True. I got this to work using Jriver as the player and the Oppo as the renderer. But it was a pain in the a$$ to get it working and keep it functional. I had to use a monitor to set up the Oppo as a DLNA network renderer every time I wanted to listen this way. Then getting the Oppo to show up in Jriver as a renderer could take up to 10 minutes. Once working, track selection, start, stop, skip functions could take around 5 seconds to execute. And this was with 16/44 bit rates. Hi-rez files had to be downsampled to lower bit rates to work. Then to release the Oppo from renderer mode in order to play a disc required restarting it. I was using an ethernet connection for both the computer and the Oppo, not wireless.

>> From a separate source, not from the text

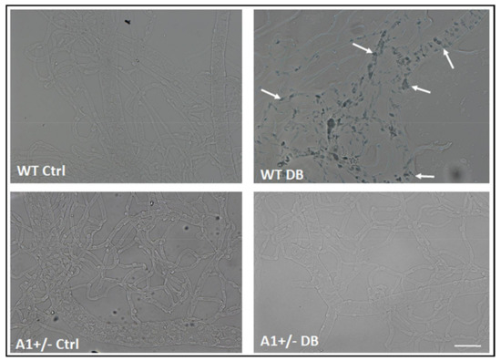 A1 deletion prevents diabetes-induced senescence in retinal vessels. SA β-Gal activity images of isolated retinal vessels showing increased activity (arrows) in vessels isolated from WT diabetic mice. The vessels isolated from A1+/− diabetic retinas are negative for SA β-Gal staining. The non-diabetic control retinas from both WT and A1+/− mice are also negative for SA β-Gal staining. n = 3–5. Scale bar = 50 µM.
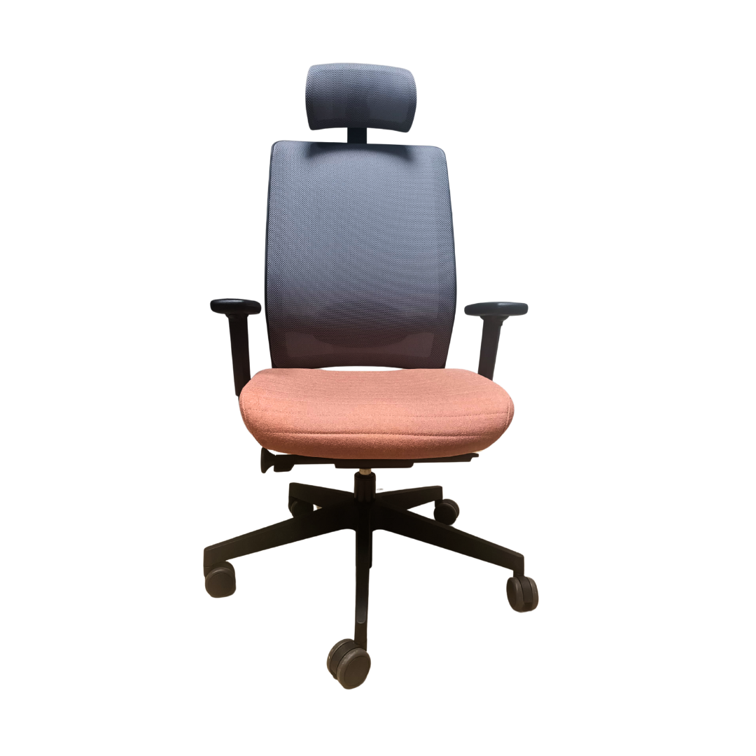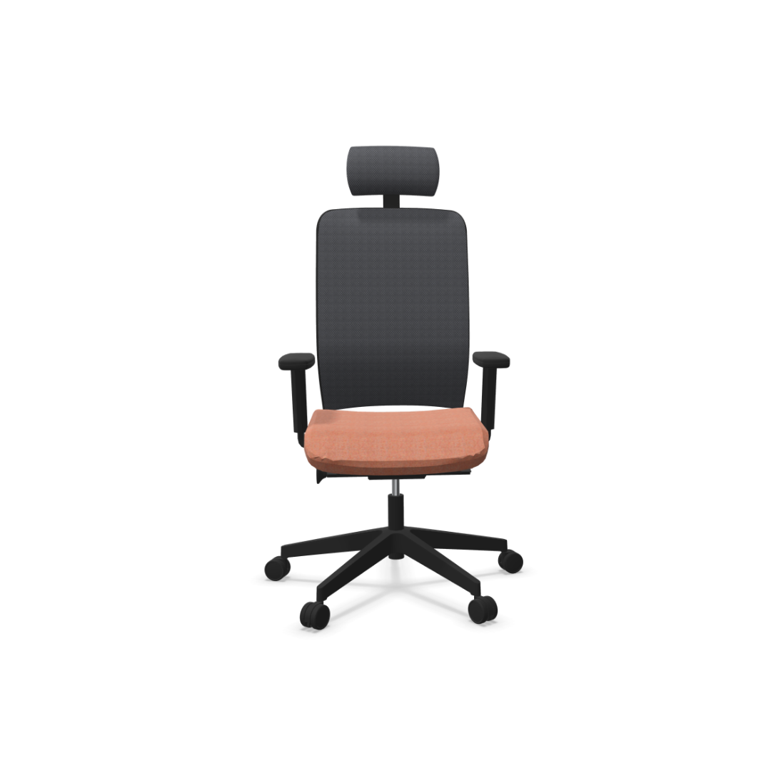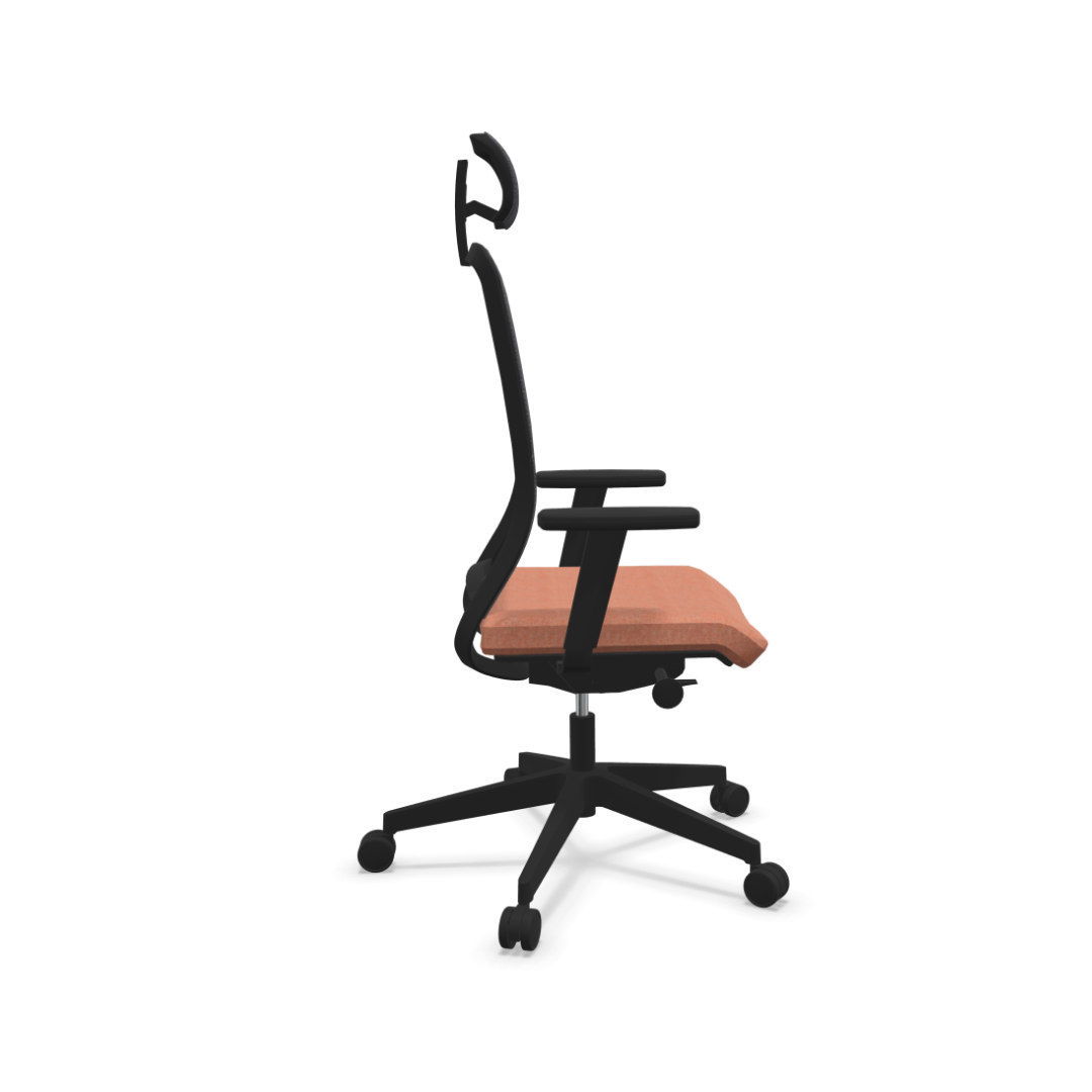 Scaunul este echipat cu un tetier reglabil, cu material de tip plasa (mesh) in nuanta 60011 Runner, asortat cu spatarul ventilat din aceeasi gama cromatica. Acest material permite o buna circulatie a aerului, mentinand confortul chiar si in perioadele indelungate de utilizare.

I'm new at this DLNA stuff so some of this might be due to my incompetence. My network might not be optimized for DLNA over ethernet, though I never had a network issue streaming music (even 24/192) though a Squeezebox Touch. Based on my experience and what I've read, streaming music via DLNA is not ready for prime time unless your cool with MP3 bit rates. I'm not trying to rain on anyone's DLNA fantasy here, just trying to give a realistic glimpse at what to expect. If someone can get this figured out and working smoothly with hi-rez, high bit rate music files, please let us know how you did it.
I will say that if you can get the PC close enough to the Oppo to connect via USB or HDMI, that works really well and it's what I use all the time.